Records from a dataset:
····················
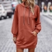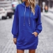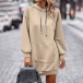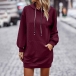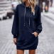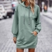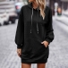 Street Fashion Solid Color Long Sleeve Kangaroo Pocket Drawstring Hooded Dress
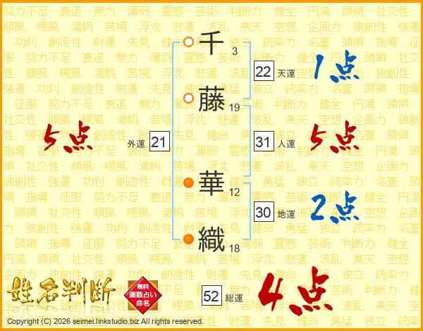 千藤華織さんの総運は52画の4点!
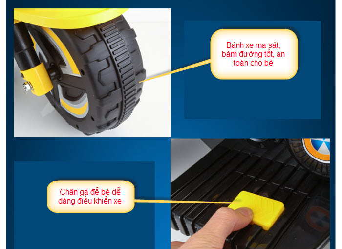 - Sử dụng rất đơn giản: Nút nhấn điện dạng bàn đạp sẽ giúp trẻ tự lái, có cả tích hợp đèn, nhạc.
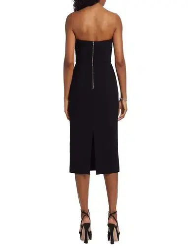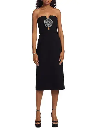 Rebecca Vallance's Yvonne midi-dress features a fitted silhouette crafted of crepe. A cut-out strapless bodice embellished with a sparkling rhinestone flower defines the look. Strapless Boning Cut-out bodice Back slit Exposed back-zip closure 98% polyester/2% elastane Lined Dry clean Imported
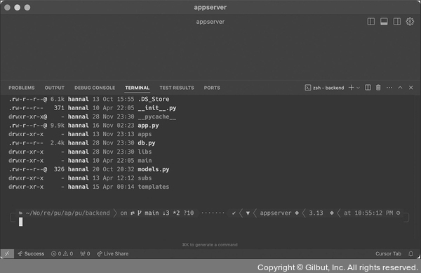 그러면 다음 그림과 같이 작업 기준 디렉터리를 시작 경로로 하여 터미널이 열리며 셸이 시작됩니다. 단축키는 Ctrl+ Shift + ` 인데, 키 조합이 복잡하여 필자는 Command + J(Ctrl+ J)를 누른 후 TERMINAL 탭을 누르는 편입니다.
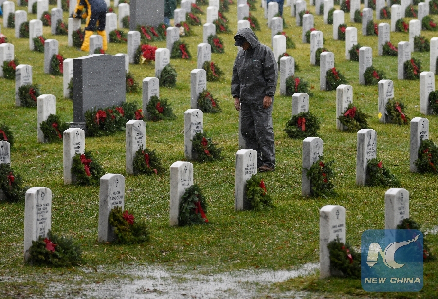 File Photo: A man stands in front of tombstones during a wreath-laying ceremony of Wreaths Across America Day at Arlington National Cemetery in Arlington, Virginia, the United States, on Dec. 15, 2018. (Xinhua/Liu Jie)
····················
_Task statement_: Copy out every line above, word for word, minus images.

_Task output_:
 Street Fashion Solid Color Long Sleeve Kangaroo Pocket Drawstring Hooded Dress
 千藤華織さんの総運は52画の4点!
 - Sử dụng rất đơn giản: Nút nhấn điện dạng bàn đạp sẽ giúp trẻ tự lái, có cả tích hợp đèn, nhạc.
 Rebecca Vallance's Yvonne midi-dress features a fitted silhouette crafted of crepe. A cut-out strapless bodice embellished with a sparkling rhinestone flower defines the look. Strapless Boning Cut-out bodice Back slit Exposed back-zip closure 98% polyester/2% elastane Lined Dry clean Imported
 그러면 다음 그림과 같이 작업 기준 디렉터리를 시작 경로로 하여 터미널이 열리며 셸이 시작됩니다. 단축키는 Ctrl+ Shift + ` 인데, 키 조합이 복잡하여 필자는 Command + J(Ctrl+ J)를 누른 후 TERMINAL 탭을 누르는 편입니다.
 File Photo: A man stands in front of tombstones during a wreath-laying ceremony of Wreaths Across America Day at Arlington National Cemetery in Arlington, Virginia, the United States, on Dec. 15, 2018. (Xinhua/Liu Jie)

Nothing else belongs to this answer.